My son, Dino passed away this evening a little after 8PM. My heart hurts to say it and I know yours hurts to hear it. But this was Dino's Journey. Over the months, on those nights when I thought about losing him, I stayed away from it by insisting on focusing on the present. For most of my life, I've been something of a rehearsed man, often planning things months in advance. No more. I told myself that I will know what to say if this day ever comes, and now this day is here.

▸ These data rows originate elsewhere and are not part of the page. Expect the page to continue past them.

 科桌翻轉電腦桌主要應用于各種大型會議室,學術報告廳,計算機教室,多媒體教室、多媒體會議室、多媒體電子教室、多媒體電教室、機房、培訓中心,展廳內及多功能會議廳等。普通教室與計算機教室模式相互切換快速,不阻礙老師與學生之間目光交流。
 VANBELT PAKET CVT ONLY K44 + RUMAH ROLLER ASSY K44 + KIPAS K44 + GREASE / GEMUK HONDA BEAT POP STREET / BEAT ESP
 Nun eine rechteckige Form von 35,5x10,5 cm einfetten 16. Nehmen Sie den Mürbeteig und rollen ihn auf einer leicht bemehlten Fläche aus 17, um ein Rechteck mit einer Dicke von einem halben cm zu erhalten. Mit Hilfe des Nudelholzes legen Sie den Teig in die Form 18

My son was a beautiful man who belonged to all who knew him. No loner was he, but rather a blend of everyone he met and loved, interwoven with his buddies and their children and their parents and his workmates. Though he didn't raise a family of his own, he belonged to many families, and over the past weeks and months, we've had the privilege to meet them, all wonderful people.
When I finished a novel some years ago, he read it, and re-read it, and re-read it again, each time adding a missing comma or suggesting another way to punch up a phrase. And each time I trusted him. He and I spoke the same language.

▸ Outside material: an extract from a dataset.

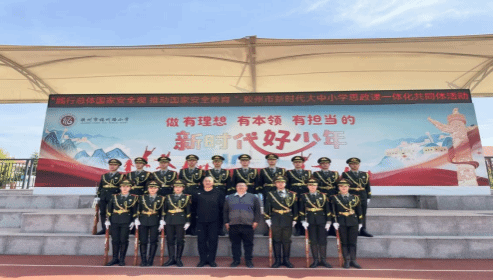 为深入推进大中小学思想政治教育一体化建设,强化青少年爱国主义思想,践行总体国家安全观,加强国家安全教育,4月17日早上10点整,筑梦青工红旗连到胶州市福州路小学开展“践行总体国家安全观 推动国家安全教育”主题团日活动,由筑梦青工红旗连国旗仪仗队举行升旗仪式。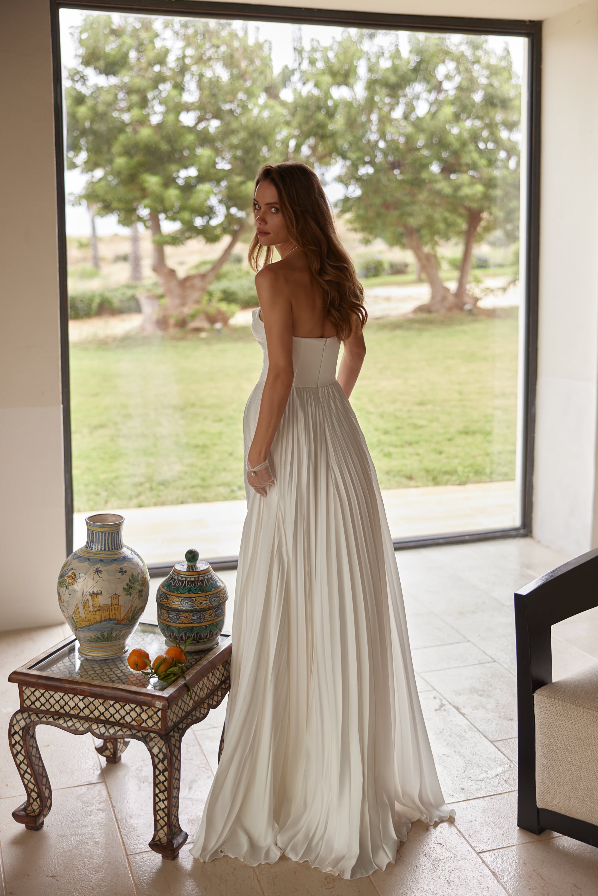 Am Rücken sorgt eine feine Schnürung für klassischen Charme und führt in einen schwungvollen, bodenlangen Rock. Dieses Brautkleid wirkt unbeschwert und dennoch tief elegant — ideal für Bräute, die Schönheit mit einem Gefühl von Freiheit verbinden möchten.

When it came time for him to move on tonight, his mother, Mary was rubbing his hair, and around his bed, everyone touched him gently; my wife, MiMi; my son, Nick with his fiance, Amber; Dean's stepbrother, Chris and his girl Virginia; and his good friend, Andrew McGraw. Moments after he passed, Carlos arrived, as well as Dino's special friend, Andi who had flown from Seattle.

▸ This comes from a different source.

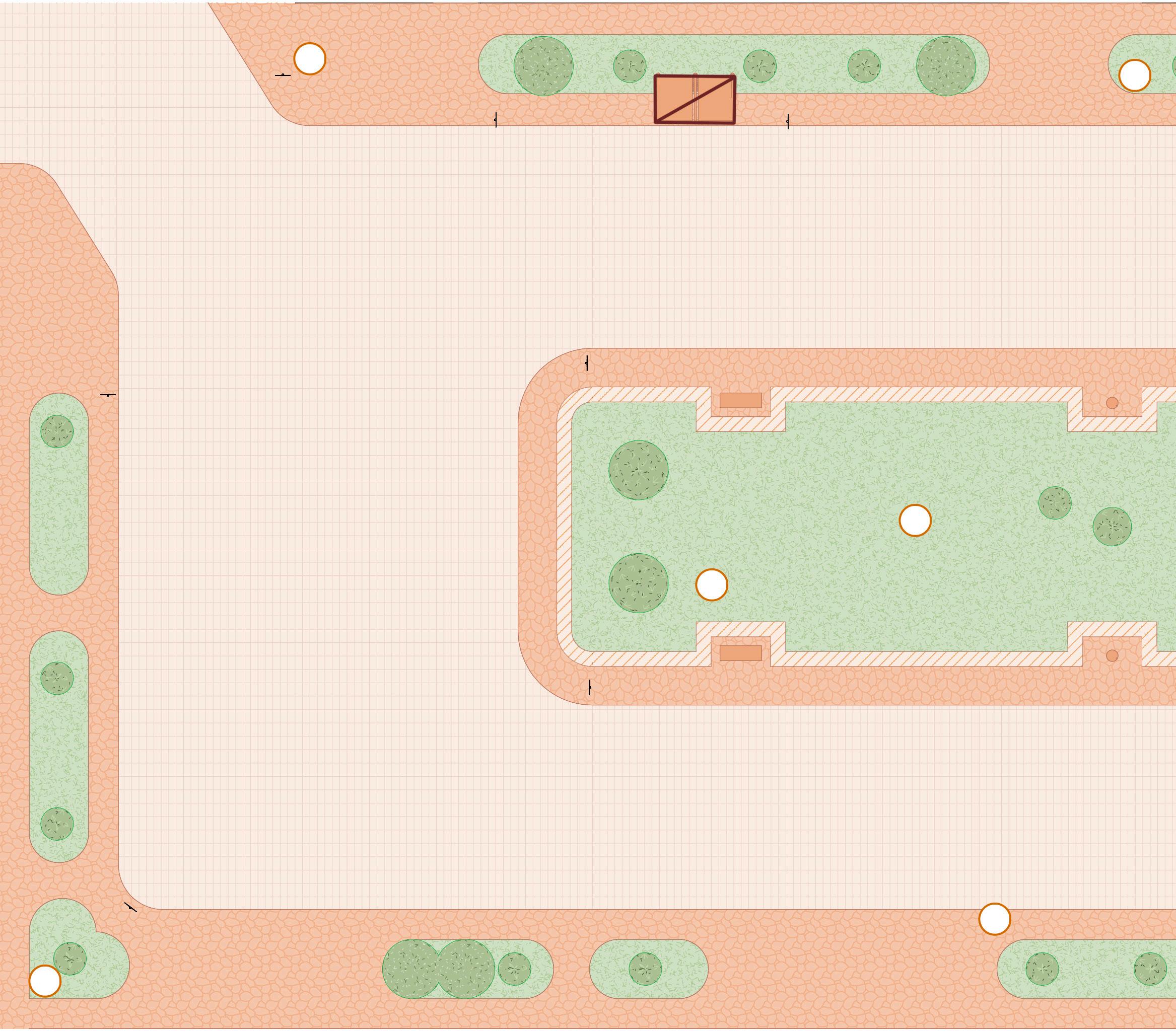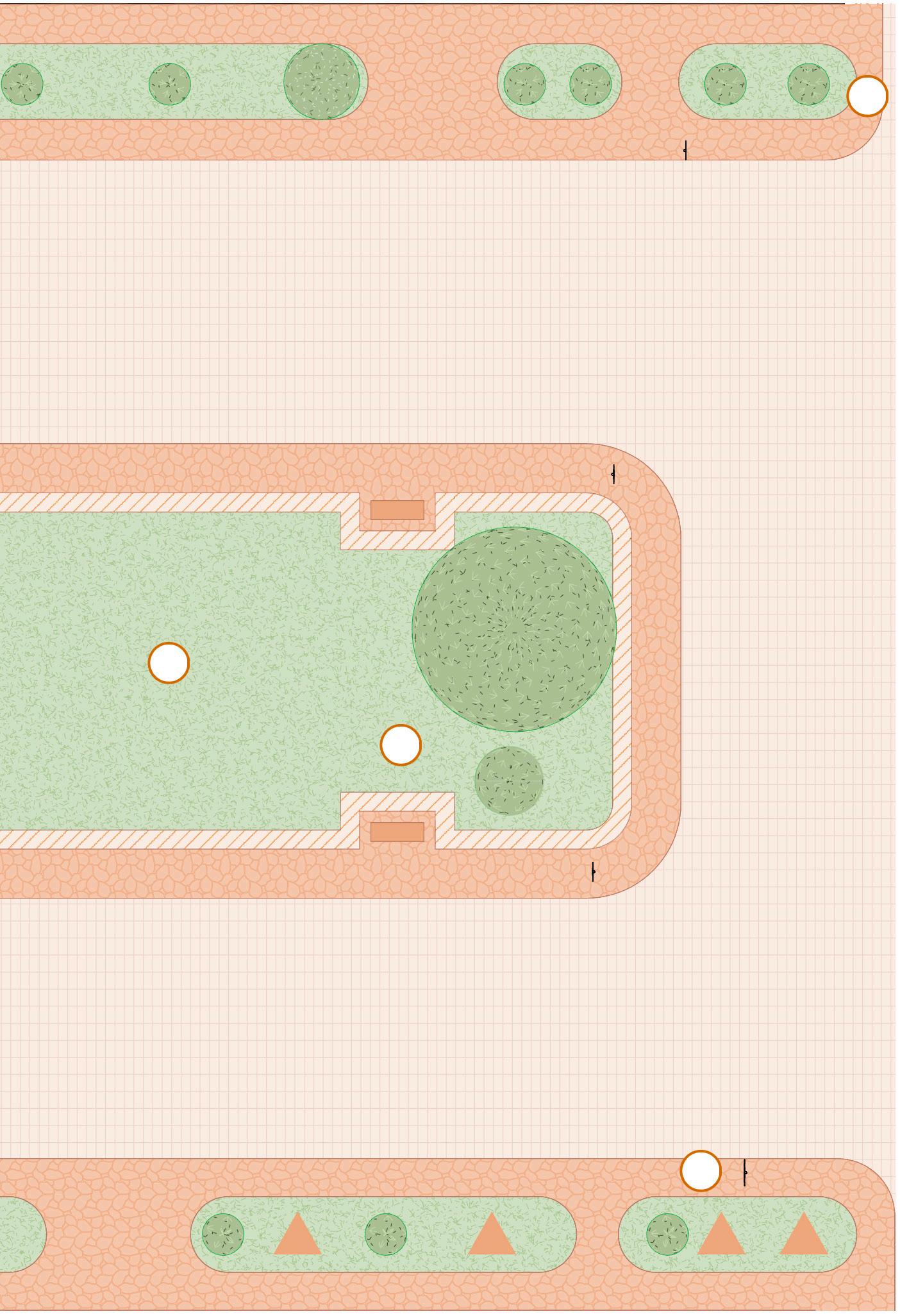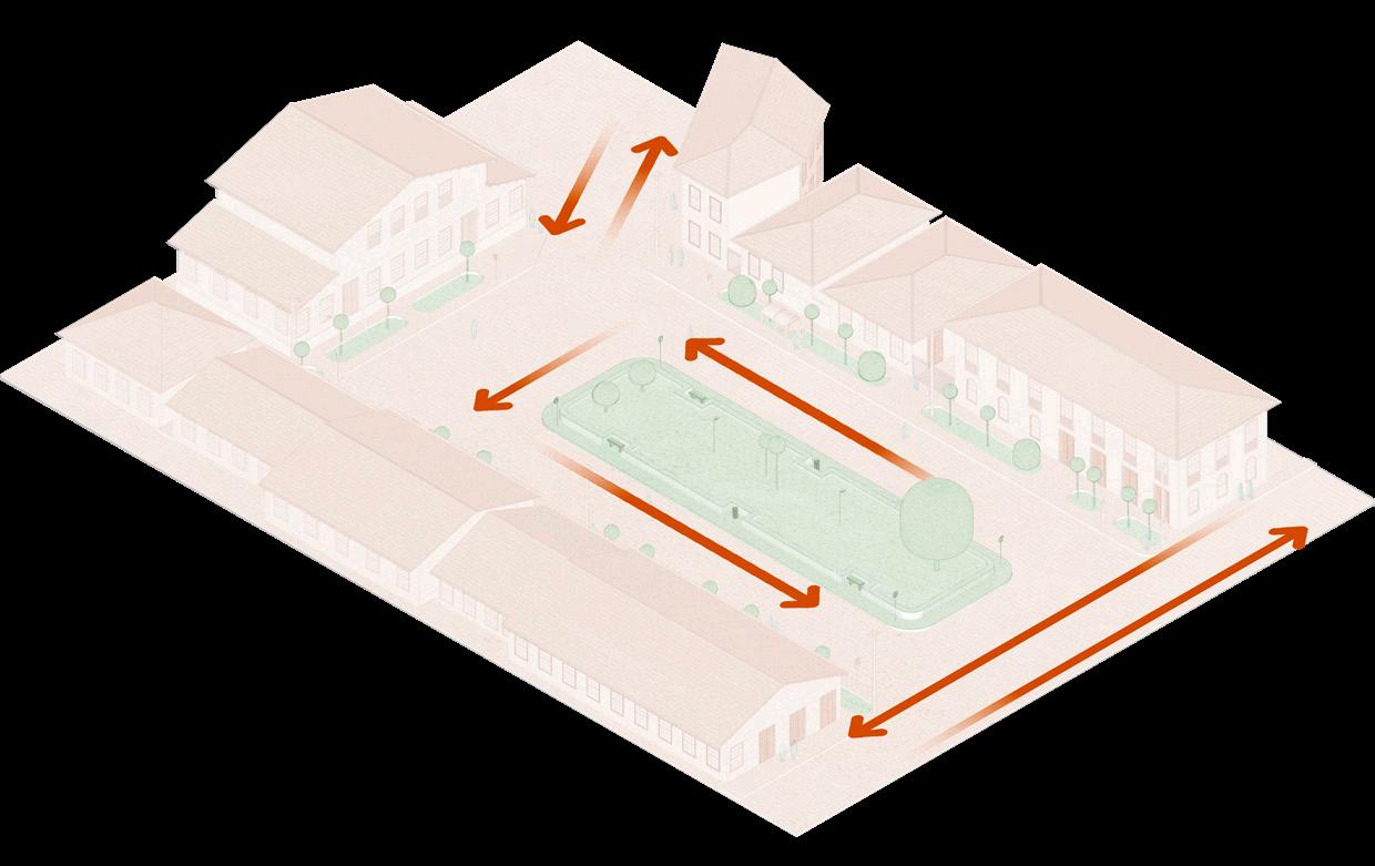 1. Aumento da permeabilidade de fluxos: melhorando a travessia e permitindo que haja circulação pelo centro da praça. Para tanto, pretende-se criar escadas e caminhos de pedra que atravessem a praça para que haja mais possibilidades de rotas para quem passa pelo local.

Over the months, as we saw all the responses to his blogs, it became apparent that there were many people we had never met. Can I ask a favor of all of you? We really need to touch you, whether truly hand in hand or by e-mail. Here's my e-mail address: firstname.lastname@example.org. If you knew my son or read his blog, would you e-mail me and tell me your thoughts? This journey of the last three months wasn't done alone, it was done with all of you.
I will let you know of the funeral arrangements as soon as I know. For sure, the gathering will be in Santa Cruz. Hold us in your hearts. We love you all. And my boy continues on the grandest journey of them all.